◆ **Your assignment**
What you give back must match the data exactly, minus the pictures.

◆ **Data**
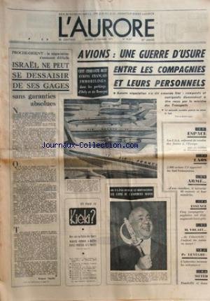 AURORE (L') [No 8237] du 23/02/1971 - PROCHE-ORIENT / ISRAEL NE PEUT SE DESSAISIR DE SES GAGES SANS GARANTIES ABSOLUES PAR FAURE -LES CONFLITS SOCIAUX -L'ACADEMICIEN EUGENE IONESCO -PROF. LENEGRE / L'INFARCTUS MENACE LES SEDENDAIRES -LAOS / 2000 AVIONS US APPUIENT LES SUD-VIETNAMIENS -LES USA REFUSENT DE VENDRE DES FUSEES A L'EUROPE Livres en ligne.
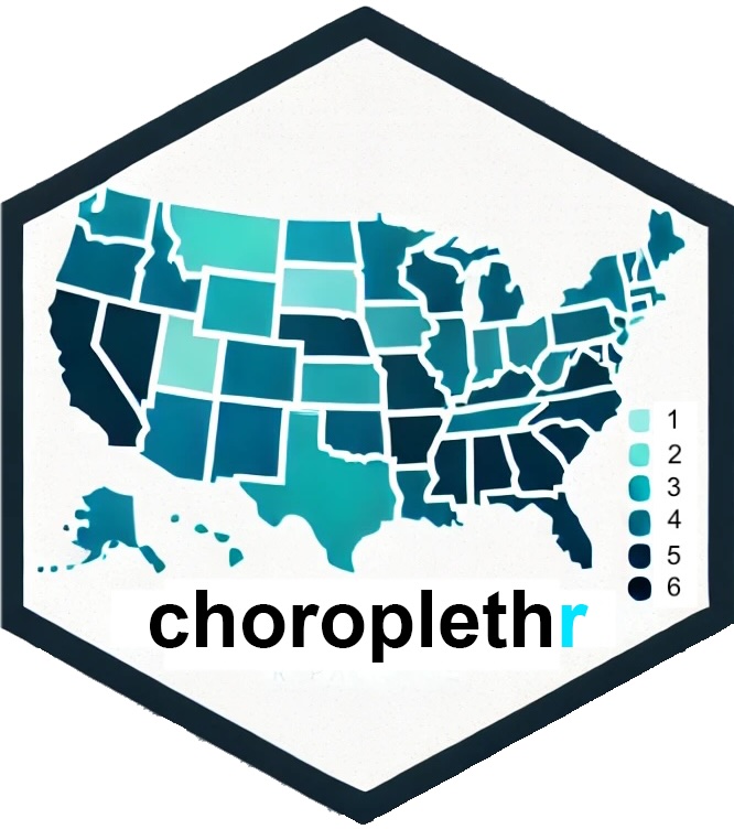 Note: admin1_choropleth() requires the rnaturalearthhires package to be installed. This package contains the needed high resolution subcountry maps, but is not presently hosted on CRAN due to its large file size. To use admin1_choropleth, please first install the remotes package, then install rnaturalearthhires from github:
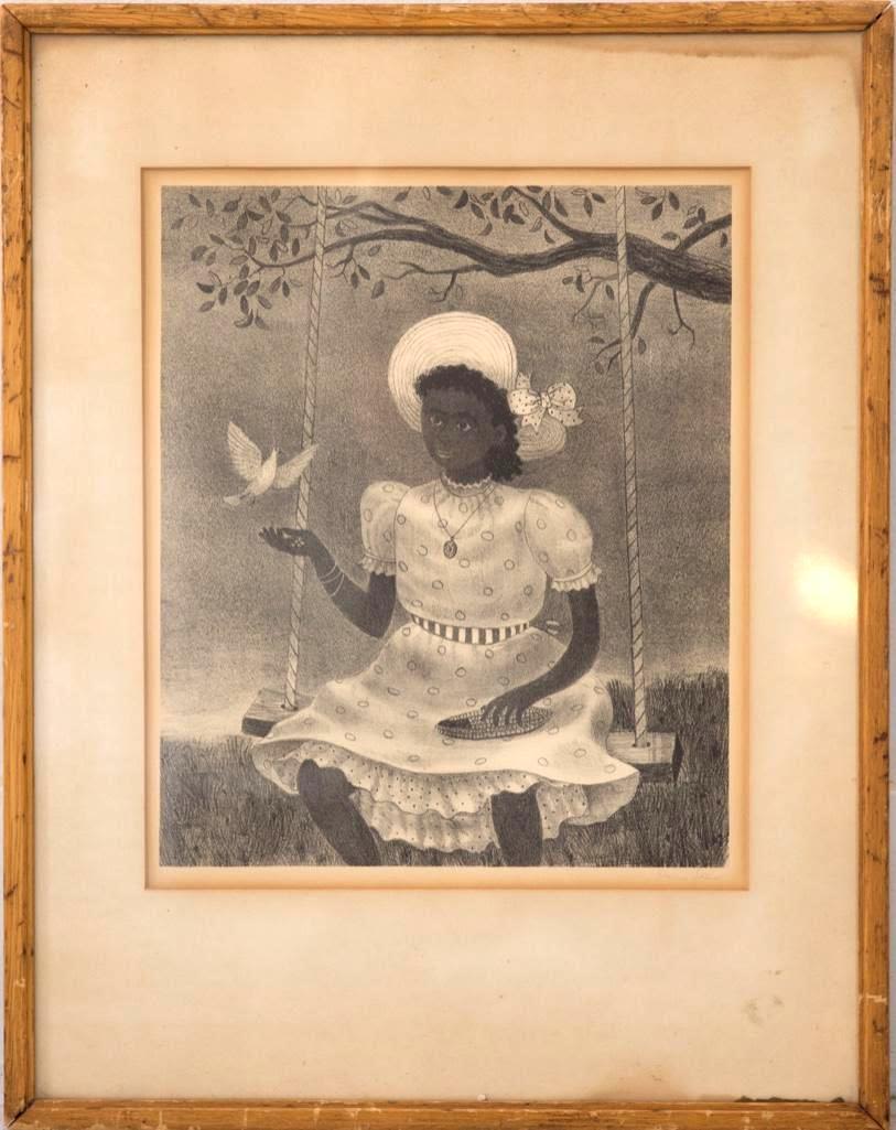 Doris Lee 1952 lithographic print, titled "Dove. The work is signed in pencil, Doris Emerick Lee. In addition to the Art Institute of Chicago, the Rhode Island School of Design, and The Metropolitan Museum of Art, Lee’s work can be found in many public collections, including the Whitney Museum of American Art, Phillips Collection, Washington, DC, Cleveland Museum of Art, Pennsylvania Academy of the Fine Arts, National Museum of Women in the Arts, and the Greenville County Museum of Art, Greenville, SC.The work measures 18.75"H x 14.75"W, 11"H x 9.5"W

◆ **Result of the task**
 AURORE (L') [No 8237] du 23/02/1971 - PROCHE-ORIENT / ISRAEL NE PEUT SE DESSAISIR DE SES GAGES SANS GARANTIES ABSOLUES PAR FAURE -LES CONFLITS SOCIAUX -L'ACADEMICIEN EUGENE IONESCO -PROF. LENEGRE / L'INFARCTUS MENACE LES SEDENDAIRES -LAOS / 2000 AVIONS US APPUIENT LES SUD-VIETNAMIENS -LES USA REFUSENT DE VENDRE DES FUSEES A L'EUROPE Livres en ligne.
 Note: admin1_choropleth() requires the rnaturalearthhires package to be installed. This package contains the needed high resolution subcountry maps, but is not presently hosted on CRAN due to its large file size. To use admin1_choropleth, please first install the remotes package, then install rnaturalearthhires from github:
 Doris Lee 1952 lithographic print, titled "Dove. The work is signed in pencil, Doris Emerick Lee. In addition to the Art Institute of Chicago, the Rhode Island School of Design, and The Metropolitan Museum of Art, Lee’s work can be found in many public collections, including the Whitney Museum of American Art, Phillips Collection, Washington, DC, Cleveland Museum of Art, Pennsylvania Academy of the Fine Arts, National Museum of Women in the Arts, and the Greenville County Museum of Art, Greenville, SC.The work measures 18.75"H x 14.75"W, 11"H x 9.5"W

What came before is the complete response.